Однажды батюшка принес кассеты с проповедями: их нужно было сначала переписать от руки, а потом, по возможности, перепечатать. И вот я целыми днями сидела в наушниках с умным видом писала, писала. А потом как дятел долбила на механической пишущей машинке, Алена все хихикала надо мной. А потом и сама включилась в работу, стала помогать печатать. Так и работали, я слова материализовывала, а она мои каракули приводила в наглядный вид печатных букв. В довершение, она все листочки аккуратно сложила, переплела, придала, так сказать, солидный вид всем этим трудам…
Потом мы с Ваней стали ходить в храм. Лена и сама его иногда приводила на причастие. Так постепенно и она стала приобщаться к храму. Пусть она не бывает на службе, но она дежурит в храме, сторожит. Она периодически ремонтирует старые книги служебные, ремонтирует и новые, которые, к сожалению, пришли в негодность. У нее свой путь, особенный. Пытаюсь ее не подгонять, хотя иногда и занудствую. Но она, в отличие от наших родителей, сразу окрестила детей. И если Ванюша стал ходить в храм со мной, то Юлю опекает сама Лена, без напоминаний. Только подойдет, спросит: “Надь, ты мне скажи, когда служба (если среди недели)?”, а в воскресенье само собой… Каждому овощу свое время. Вот она и растет, набирается знаний понемножку. И дай ей, Бог…
Вот, Ален, видишь как получается: то я тебя на закорках таскала, то ты меня, но ты была маленькой, а я-то лбище здоровая! Но, правда, ты и сама сейчас уже не тот кулек, которым тебя принесли из роддома, как новогодний подарок через шесть лет после просьбы. Это я из пончика превратилась в сушеную лепешку, стала как чайная ложка, не то что столовая!
Я иногда думаю, как твоим детям, в какой-то степени не повезло: им, как только они научились ходить и хоть что-то кумекать своим детским разумом, приходится что-то приносить, подавать, снимать-одевать на больную тетку свою. Правда, они всегда так ласково и с радостью это делают, у них такое счастье в глазах. Может именно так и мы должны поступать друг с другом? Ведь Господь именно об этом говорил: Будьте как дети. Вот как надо – не задумываясь, ты еще не попросил, а этот человечек, еще не умеющий и говорить-то, а уже понимает, что этот может сам, а этот не может – надо ему халатик принести, помочь носочки снять. Помню, я, когда уже научилась ходить без костылей, собралась прогуляться с мамой. Мы оделись, стоим в коридоре, что-то обсуждая перед выходом, вдруг Ваня объявился с двумя костылями. “Ваня, ты что?!” - “Гулять!”…

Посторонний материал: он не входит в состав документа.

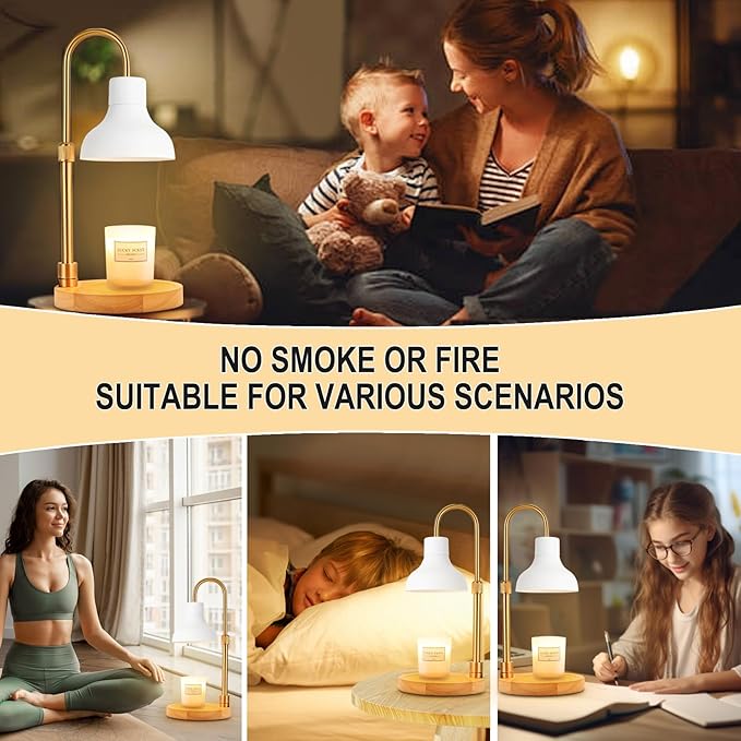 - 【Convenient Dimmable & Timer Function】You can control the melting speed by adjusting the brightness of the candle warmer to regulate the intensity of the scent. The brighter the setting, the faster it melts. In addition, you can also use the timer (2H/4H/8H) to automatically turn off the bulb after the desired time, ensuring safety, energy saving and prolonging bulb life. Creating the perfect ambiance for any occasion or mood, you can be assured of a relaxing and enjoyable scenting experience.

И если, когда Ваня был маленький, я могла только пять секунд его на руках загипсованных подержать, то благодаря Богу, Юлю я все крестины смогла удержать на своих веточках. Так вот мы и живем: то я вас на руках ношу, то вы меня. Спасибо вам большое! Так и будем, как ниточка-иголочка: куда вы, туда и я, где я, там и вы. Спасибо Тебе, Господи за такой долгожданный подарок! Ведь не было бы сестренки Аленки, и не было бы ни Ванюшки, ни Юлюшки. Нет у меня детей? Есть! Это вы, моя радость, моя грусть, моя любовь и забота! Как же я без вас, куда же я без вас?